Corseted by the “financial tire”, Switzerland says goodbye to some F-35 fighter jets it wanted to buy from the US


United States Air Force F-35A Lightning II jets land at RAF Lakenheath for training exercises in the United Kingdom on September 11, 2025. Illustrative image. PHOTO: Mark Cosgrove/News Images / Avalon / Profimedia
Switzerland will not be able to purchase all 36 planned American F-35 fighter jets due to additional costs presented by the United States, the federal authorities in Bern announced on Friday, according to AFP.
“Due to the foreseeable additional costs, it is not financially possible to maintain the originally planned number of 36 F-35As,” the Swiss government said in a statement.
As a result, the government instructed the Ministry of Defense “to purchase as many F-35A aircraft as the financial envelope voted by the Swiss population allows, i.e. 6 billion francs” (6.4 billion current euros), the statement said.
The Swiss have approved with a very small majority, just over 50%, a 6 billion franc tire to equip the country with a new fleet of fighter planes, the current F/A-18s will be out of service by 2030, notes Agerpres.

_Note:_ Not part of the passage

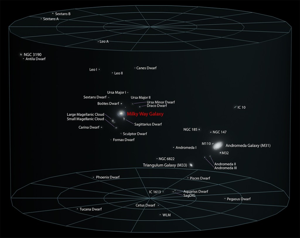 Algunas de estas agrupaciones contienen unas decenas de galaxias; son los llamados grupos de galaxias. Nuestra galaxia, la Vía Láctea, pertenece a uno de estos grupos, el llamado Grupo Local, formado por unas 40 galaxias y abarcando una extensión de unos 10 millones de años luz de diámetro. El Grupo Local tiene tres galaxias grandes, M31, la galaxia de Andrómeda, la mayor, seguida de nuestra Vía Láctea y, tras ella, la galaxia del Triángulo (M33) El resto son galaxias enanas, en su mayoría ligadas gravitacionalmente a las tres mayores, como las galaxias satélites de Andrómeda M32 y M110 o las Nubes de Magallanes, dos galaxias satélites de la Vía Láctea.

When it chose the F-35, the government claimed that the US aircraft was by far the best and most advantageously priced of all competitors (Rafale, F/A-18 and Eurofighter), and guaranteed that the purchase price would not change, citing US assurances to that effect.
On June 25, however, the Swiss government announced that the US was citing additional costs of between 650 million and 1.3 billion Swiss francs due to inflation, commodity price developments and other factors.
“Discussions held this summer with the United States showed that Switzerland cannot impose the fixed price agreed in the contract for the F-35A fighter jet,” the Bern government explained in the statement issued on Friday.